Engineering Contradictions & Design Principles
Engineering Contradiction Analysis
1Reliability
If neural network technology is used, then deep learning service performance is improved, but professional knowledge requirements increase
Solution Approach 1:
The patent introduces an automated neural network deployment system that acts as an intermediary between the user and complex neural network technology. The system includes automated model selection, configuration, training, and deployment components that translate simple user requirements into complex technical operations without requiring users to have professional knowledge in neural networks
Solution Approach 2:
The deployment system performs self-service by automatically selecting appropriate neural network models, configuring training parameters, executing training processes, and deploying models to target devices based on user specifications. The system autonomously handles all technical complexities including hyperparameter tuning, model optimization, and resource allocation without human intervention in the technical decision-making process
2Measurement precision
If neural network model development is performed manually, then model accuracy can be optimized, but development time increases
Solution Approach 1:
The system performs preliminary actions by pre-configuring multiple neural network model templates with different architectures and parameters.

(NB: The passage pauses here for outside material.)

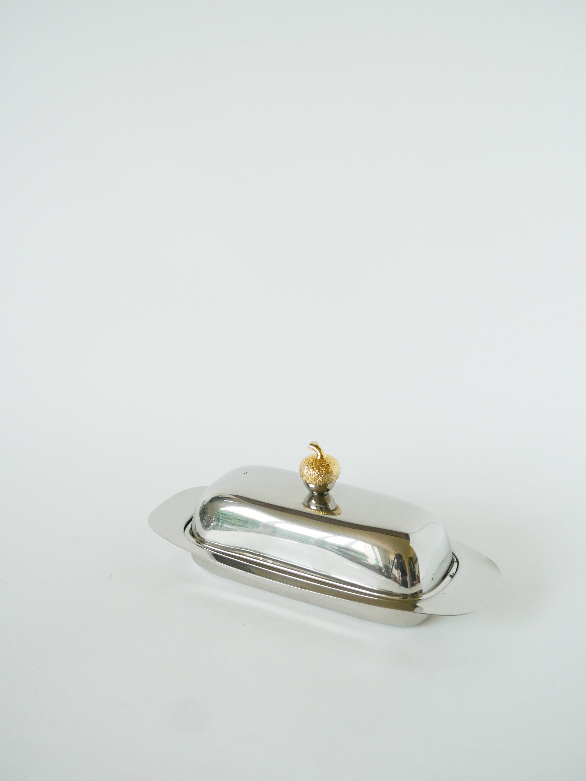 Superbe beurrier en métal argenté, laiton et verre, 1960. En très bon état, de rares traces du temps. Envoi rapide et soigné. Possibilité d'envois groupés - plus économique et plus écologique ! Dimensions : 24 X 9 X 11 cm.

When a user initiates deployment, the system automatically selects from these pre-prepared models and performs rapid configuration based on the specific requirements, eliminating the time-consuming manual model design and selection process while maintaining the ability to achieve accurate results
Solution Approach 2:
The deployment system automatically adjusts model parameters including architecture configuration, training hyperparameters, and optimization settings based on the target device specifications and performance requirements. This automated parameter tuning achieves model accuracy optimization without requiring manual intervention, significantly reducing development time while maintaining high model performance
Data Source
AI summary
Disclosed herein are a neural network model deployment method and apparatus for providing a deep learning service. The neural network model deployment method may include providing a specification wizard to a user, searching for and training a neural network based on a user requirement specification that is input through the specification wizard, generating a neural network template code based on the user requirement specification and the trained neural network, converting the trained neural network into a deployment neural network that is usable in a target device based on the user requirement specification, and deploying the deployment neural network to the target device.